Wilhoite
- Pronunciation: WIL-HOYT

Origin
- Language: Middle High German
- Meaning: Toponymic Name
- Region of origin: Germany and United States

Other names
- Variant forms: Willeit, Wilhite, Wilhoit

= Wilhoite =

The surname Wilhoite is of German origin. This Americanized surname was derived from the German surname Willeit or Wilheit, which is a variant form of Willeitner. The Wilhoite name can trace its origin back to the northern part of the German state of Bavaria. Willeitner, is a habitational name from a more recent adaptation of the place named Weillitnen in northern Bavaria. Willeit is probably a toponymic name from Middle High German wil ‘small settlement’ + leite ‘slope’. The origins of toponymic by-names have been attributed to two non-mutually exclusive trends.

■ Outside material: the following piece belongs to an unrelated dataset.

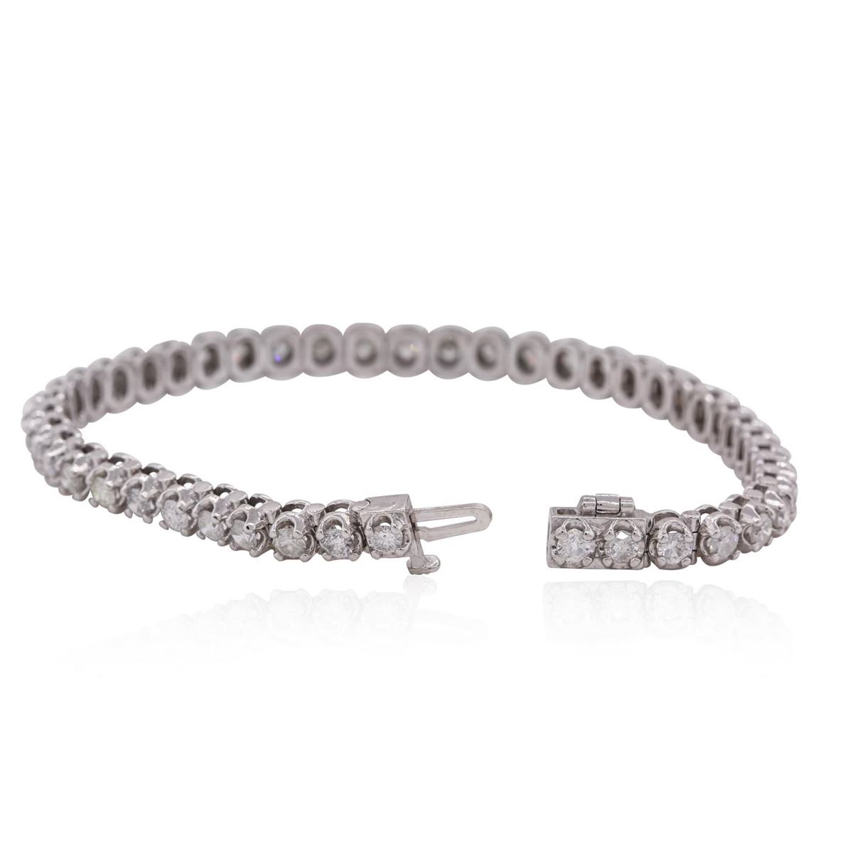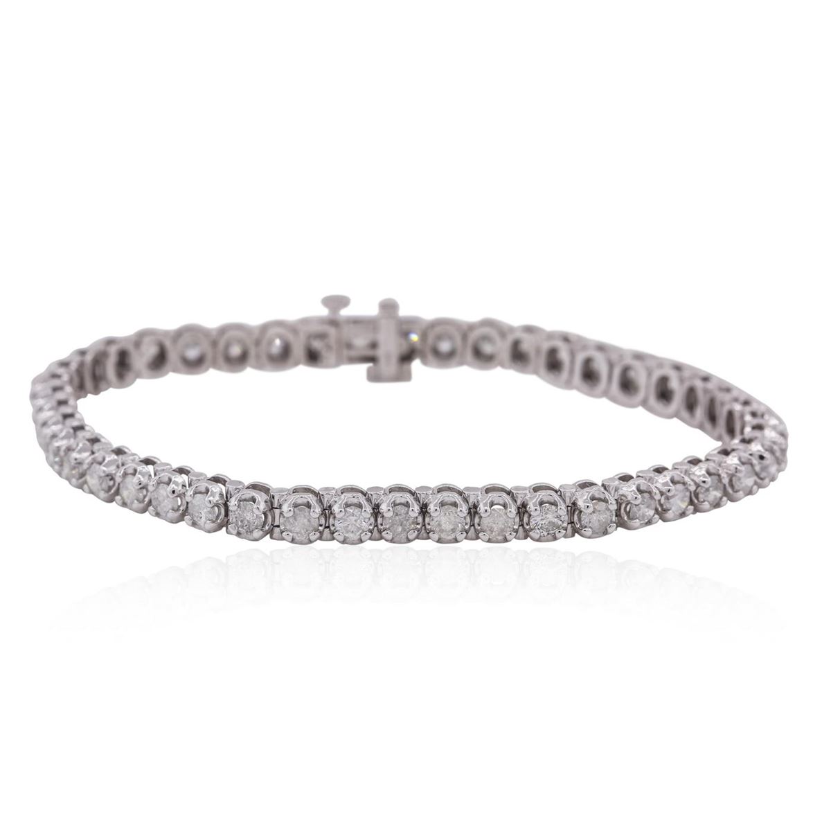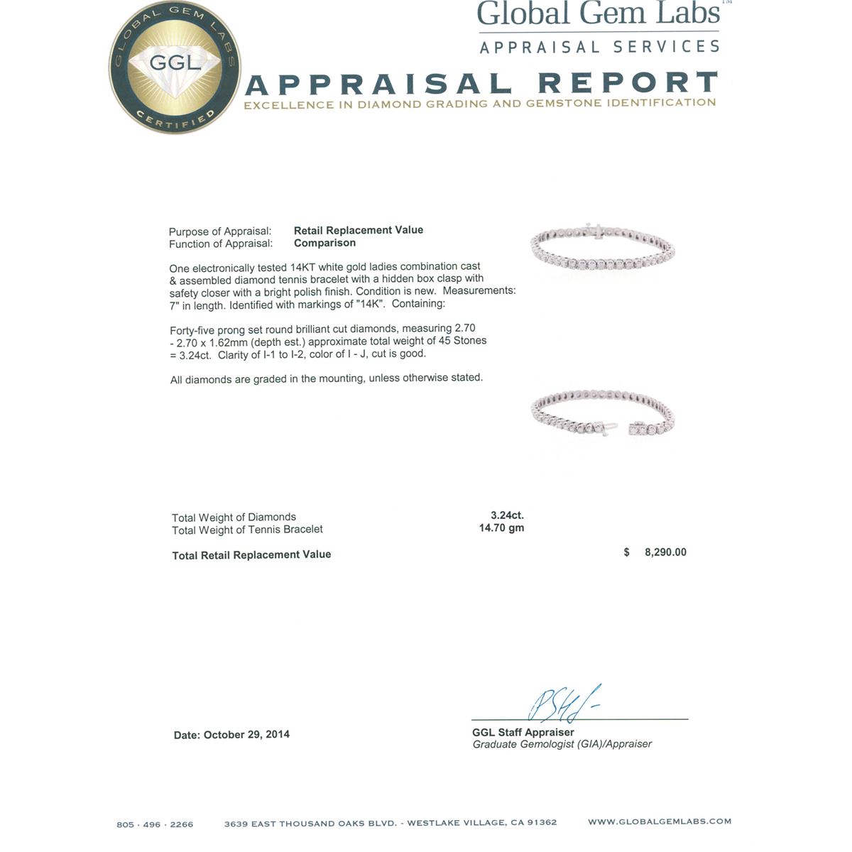 One electronically tested 14KT white gold ladies combination cast & assembled diamond tennis bracelet with a hidden box clasp with safety closer with a bright polish finish. Measurements: 7 in length. Identified with markings of 14K. Condition is new. Containing: Forty-Five prong set round brilliant cut diamonds, measuring 2.70 - 2.70 x 1.62mm (depth est.) approximate total weight of 45 Stones = 3.24ct. Clarity: I-1 to I-2. Color: I - J, Cut is Good. All diamonds are graded in the mounting, unless otherwise stated. Total Weight of Diamonds 3.24ct. Total Weight of Tennis Bracelet 14.70 grams. GGL Appraised at $8,290.00.

One was to link the nobility to their places of origin and their feudal holdings and provide a marker of their status, while the other relates to the growth of the burgher class in the cities, partly via migration from the countryside.

==History==
German Wilhoite families migrated from Germany and arrived in the America during the early 18th Century, primarily to Germanna, Virginia. Most Germans came to America seeking economic opportunities or religious and political freedom. Even so, Wilhoites most likely migrated due to religious prosecution; most German immigration to the United States during 1638-1820 was caused by religious persecutions following from the changes wrought by the Thirty Years' War, and also by economic hardship.
Wilhoites also began to emigrate to England in the 18th century.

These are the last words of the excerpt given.